> [PROVIDED MATERIAL]
▼

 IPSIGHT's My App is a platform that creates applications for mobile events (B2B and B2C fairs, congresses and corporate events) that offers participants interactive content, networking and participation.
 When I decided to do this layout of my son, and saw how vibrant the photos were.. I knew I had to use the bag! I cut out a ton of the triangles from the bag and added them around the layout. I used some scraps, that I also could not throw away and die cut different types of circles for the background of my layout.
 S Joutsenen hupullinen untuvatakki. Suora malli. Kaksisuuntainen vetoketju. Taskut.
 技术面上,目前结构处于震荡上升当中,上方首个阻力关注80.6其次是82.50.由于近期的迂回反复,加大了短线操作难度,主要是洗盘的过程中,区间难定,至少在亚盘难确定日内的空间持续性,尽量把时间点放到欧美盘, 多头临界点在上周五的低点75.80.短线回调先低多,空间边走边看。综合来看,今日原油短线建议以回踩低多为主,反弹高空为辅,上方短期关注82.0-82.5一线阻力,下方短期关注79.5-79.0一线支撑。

▲

> [WORK REQUEST]
Consider the string "that". State how many lines of the data contain it, giving the number alone.

> [ANSWER FOR THIS EXERCISE]
2